When the timer expires at the midnight of the 15th day (from the receipt of the command), the timer set by the policy library expires, triggering the selected functions to be invoked the next time when the subscriber attempts to login to the network. The administrator may also generate another command for a companion policy requiring user passwords to be reset if a user fails to login for more than 10 consecutive days, in which case the user would have to contact the network operator to learn the reset password to login again. This way, example, if the password expires in 30 days but the user does not login for more than 10 days after the password expires, the old password would be reset automatically.
It is to be understood that the disclosed subject matter is not limited in its application to the details of construction and to the arrangements of the components set forth in the following description or illustrated in the drawings. The disclosed subject matter is capable of other embodiments and of being practiced and carried out in various ways. Also, it is to be understood that the phraseology and terminology employed herein are for the purpose of description and should not be regarded as limiting.

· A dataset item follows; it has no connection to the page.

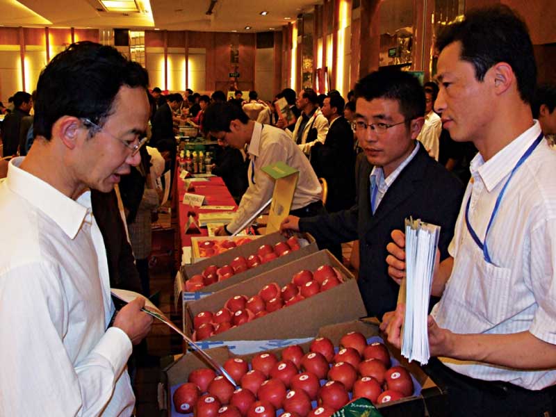 当地时间11月18日,由国家农业部和陕西省政府联合主办的中国(陕西)——欧洲果品企业家圆桌会议,在欧盟总部布鲁塞尔举行。来自中国和欧盟11个国家的农业官员、果品贸易商、国际知名超市、果品产后加工处理设备供应商等企业的一百五十多名代表参加了这次圆桌会议。华圣果业公司总经理王魁,副总经理彭小强作为陕西省鲜果行业的龙头企业——华圣果业公司代表,随队赴布鲁塞尔出席会议。 农业部副部长张宝文、陕西省副省长王寿森分别介绍了陕西果业的发展情况和产品优势。会议期间陕西果业促销团还专门设置了独具特色的果品展示台,各个水果企业利用声、图、果类产品多种方式宣传陕西的水果产品。以“华圣果业”为代表的陕西苹果展品充分向国外客商展示了陕西苹果在地理、气象特点、生产规模和绿色生产条件等方面的独特品质。 在品尝了红富士苹果、酥梨、猕猴桃、柑桔等特色水果后,欧洲各大商品贸易商、知名超市对我省的水果产生了浓厚的兴趣。在下午举行的签约仪式上,我省共签订合同15个,总金额达1.1亿美元。苹果销售合同共计1.5万吨,其中陕西华圣果业成为本次签约仪式上的最大赢家,共签订苹果销售合同8000吨。我省苹果首次大规模进军欧盟高端市场取得了实实在在的成绩,也为今后陕西水果全方位进军欧盟市场打下了良好的基础。

As such, those skilled in the art will appreciate that the conception, upon which this disclosure is based, may readily be utilized as a basis for the designing of other structures, methods, and systems for carrying out the several purposes of the disclosed subject matter. It is important, therefore, that the claims be regarded as including such equivalent constructions insofar as they do not depart from the spirit and scope of the disclosed subject matter.
Although the disclosed subject matter has been described and illustrated in the foregoing exemplary embodiments, it is understood that the present disclosure has been made only by way of example, and that numerous changes in the details of implementation of the disclosed subject matter may be made without departing from the spirit and scope of the disclosed subject matter, which is limited only by the claims which follow.